Where does it come from and where does it go?

 It takes 150 gallons of water to produce a single loaf of bread and almost 40,000 gallons to produce a car. In short, fresh water is essential to life on Earth, with agricultural, industrial and public use the three main areas of consumption. Looking at a simple map of the Earth it is clear that water is an abundant resource although only 2.5% of this is fresh water (fresh water is defined as water with less than 500 parts per million of dissolved salts) and fit for use in the previously mentioned activities. Most fresh water exists as glaciers and ice caps in the Antarctic and Arctic circles meaning it is unable to be exploited. Another 30% occurs as groundwater which is often hard to access. That means only roughly a quarter of fresh water used on Earth comes from groundwater sources.

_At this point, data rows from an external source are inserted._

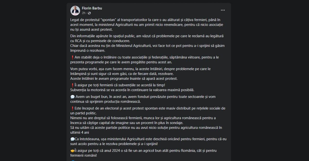 „Nimeni nu are dreptul să folosească fermierii, munca lor și agricultura românească pentru a încerca să câștige capital de imagine sau un procent în plus în sondaje. Să nu uităm că aceste partide politice nu au avut nicio soluție pentru agricultura românească în ultimii 4 ani”,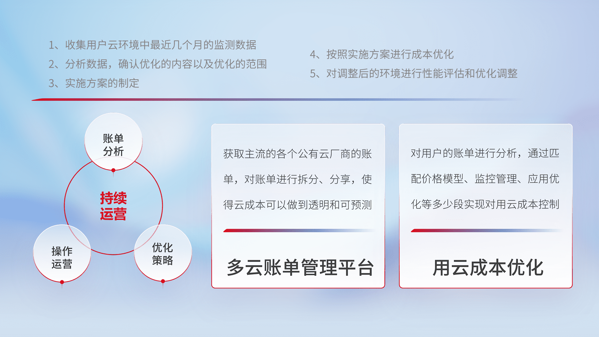 通过多云纳管,,以统一的资源数据模型把客户的云资源进行抽象和封装,,进而实现对多云资源的统一操作,,,保障云资源管理的可靠性、、、稳定性与可用性。。。。量身定制化运维内容,,配置、、开发运维、、、、补丁管理、、、、备份、、、监控、、、认证和访问管理、、、审计和日常巡检等,,,,保障在用云过程中的可靠度,,稳定度以及高可用率。。。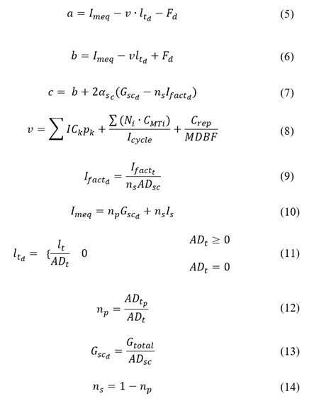 The time of work of a vehicle generates economic benefits, while the time out of service influences negatively, causing an economic damage. The economic benefit generated by the work of a vehicle in a given period depends on the daily benefit for working a and the time worked Tt of the vehicle according to eq. (1), while the economic damage is generated when the vehicle is in the states: inactive and out of service and is calculated as shown in eq. (2):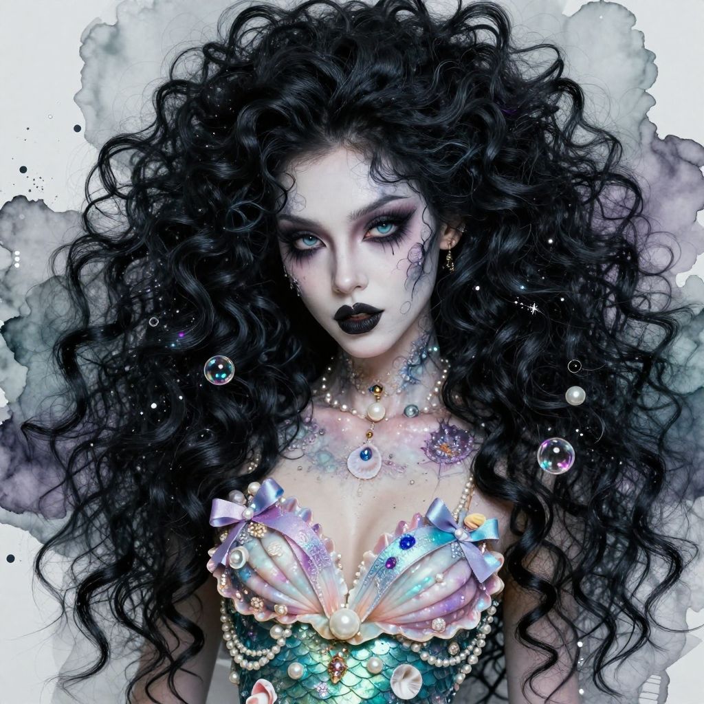 Create a close up portrait of a Whimsical caricature 35 k ultra realistic gothpunk mermaid with punkstyle hair with colorful highlights, coherent delicate detailed face, wearing a beautiful pastel shell top, iridesents, decorated with glitter, sparkles, small seashells and bubbles, ribbons, pearls, embossed high raised with pearl, and intricate patterns watercolor splash background, in the style of alberto vargas, Olivia De Berardinis, tim burton, jennifer janesko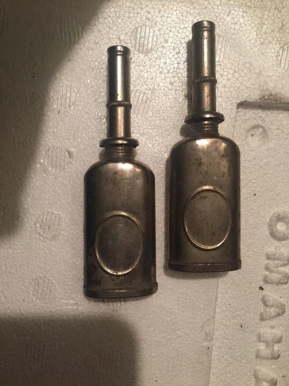 They are containers of oil which were used for lubricating small machines such as sewing machine. You need to press the container from the oval spot and a drop of oil will come out of the container.

This leaves around 0.03% of the total global water supply available to humans at the surface. Of that number 69% of this exists as snow, ice and permafrost meaning only around 21% remains as lakes and rivers, the most obvious source of fresh water.

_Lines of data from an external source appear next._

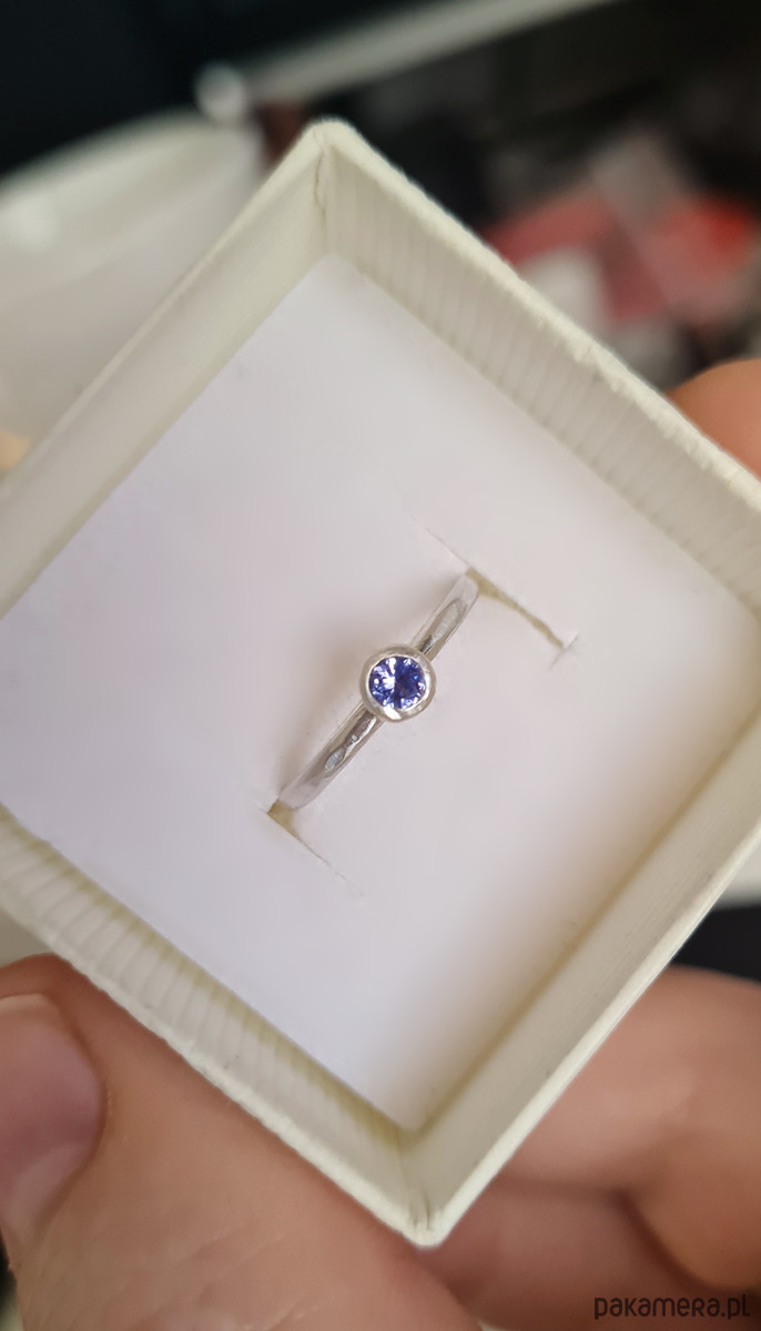 Dwa pierścionki: z szafirem (kamień ok. 2,5 mm), oraz z tanzanitem (kamień ok. 3 mm).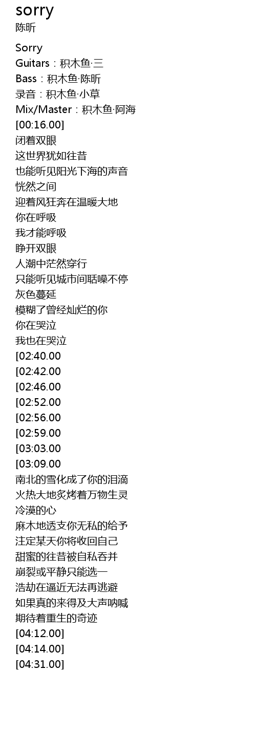 | [01:28.00][02:40.00][03:31.00] | Sorry |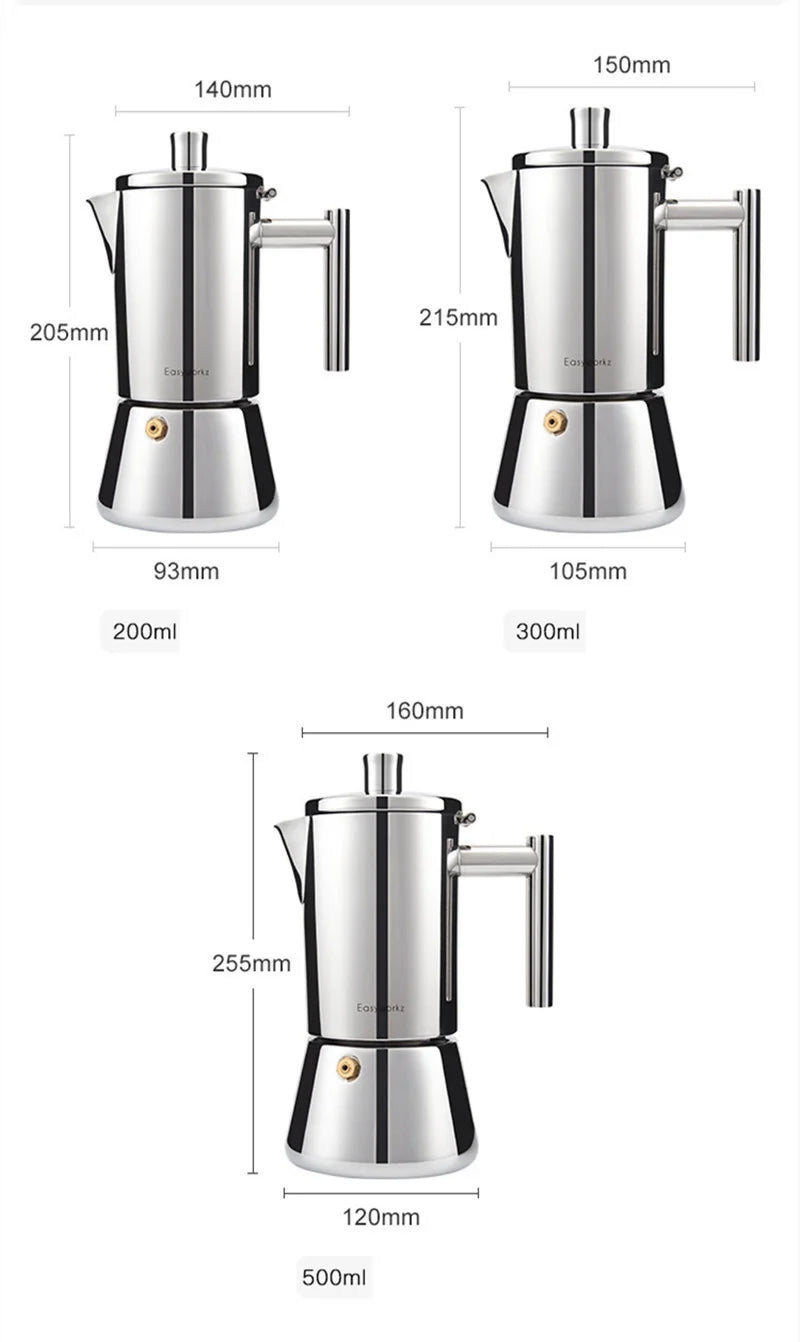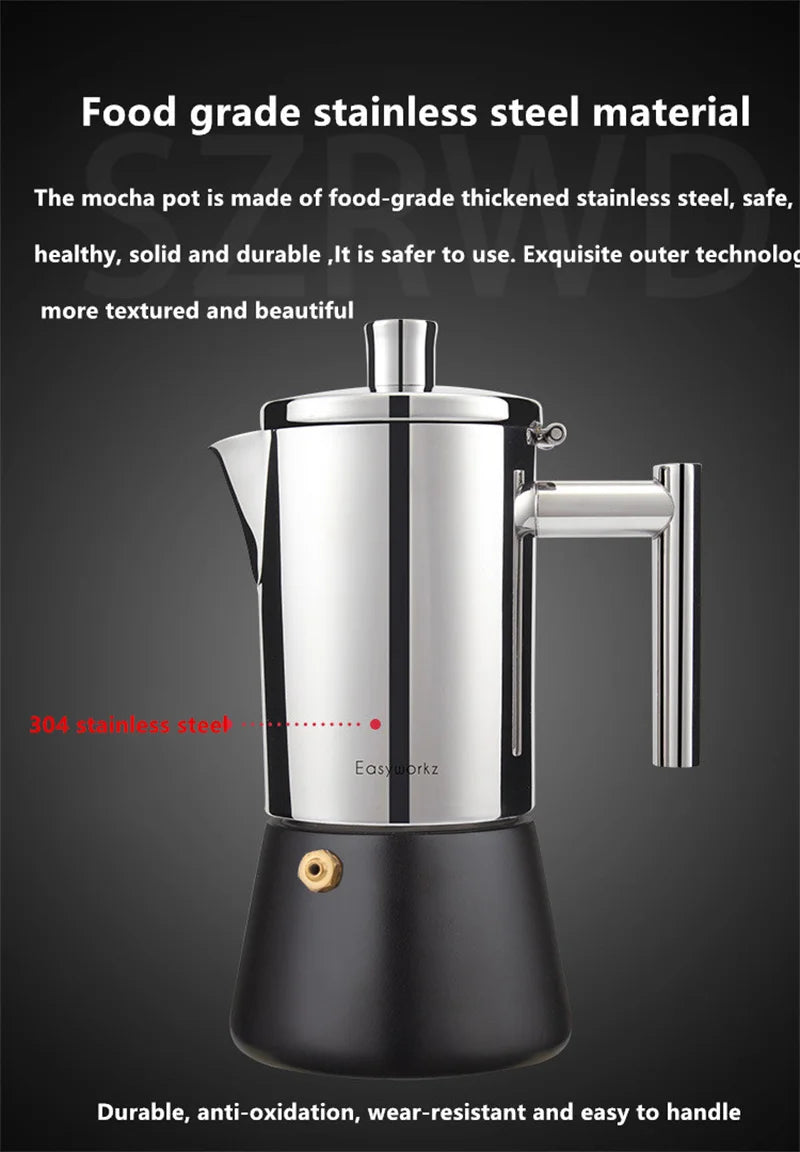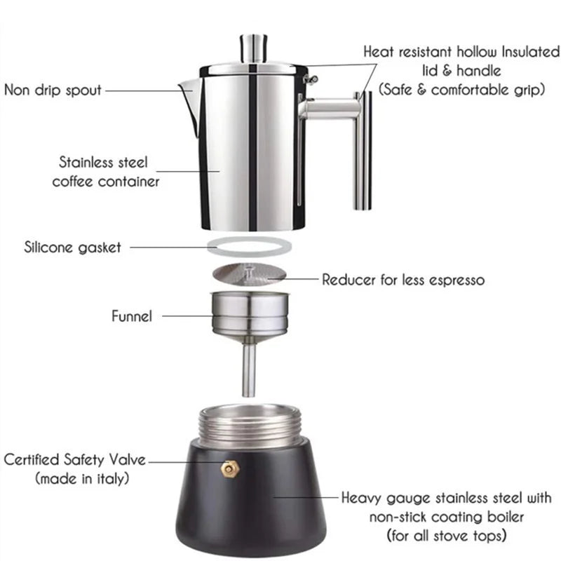 Italian Moka Espresso Maker Stainless Steel Coffee Pot for Gas or Induction Stove, Cuban Style Mocha Kettle

Currently, around 70% of globally accessible water is used for agriculture, although this increases in more arid areas, or countries where agriculture makes up a more significant proportion of the economy. The figure stands at around 20% for industry, although that rises to over 50% in industrialised nations.

The UN predicts a global population of 9.7 billion people by 2050. This, in turn will bring about a huge increase in demand for food, general products such as cars and clothes, and energy, all of which use vast amounts of water. However we are already exploiting our fresh water resources at a rate many may conceive as unsustainable, as it was shown in 2015 that 21 of the world’s largest 37 aquifers (a body of permeable rock that stores groundwater) were being depleted faster than they were naturally refilled by the hydrological cycle (Richey et al., 2015). Likewise, numerous large rivers such as the Colorado River and the Amu Darya (which used to feed the Aral Sea – now 10% of its original size) are no longer reaching the sea because their flow levels have been reduced so severely due to being over tapped.

Earth’s freshwater resources are unevenly distributed and currently almost one in 10 people ‘lack access to improved drinking water sources’. As the Earth's population increases and climate change continues to take effect, we can expect a growing challenge to humanity to ensure that developing countries and arid regions, where fresh water is economically and physically sparse, are able to access clean and safe water. 

This blog will aim to explore various issues regarding water scarcity, and the varying consequences of this problem as well as how it is tackled.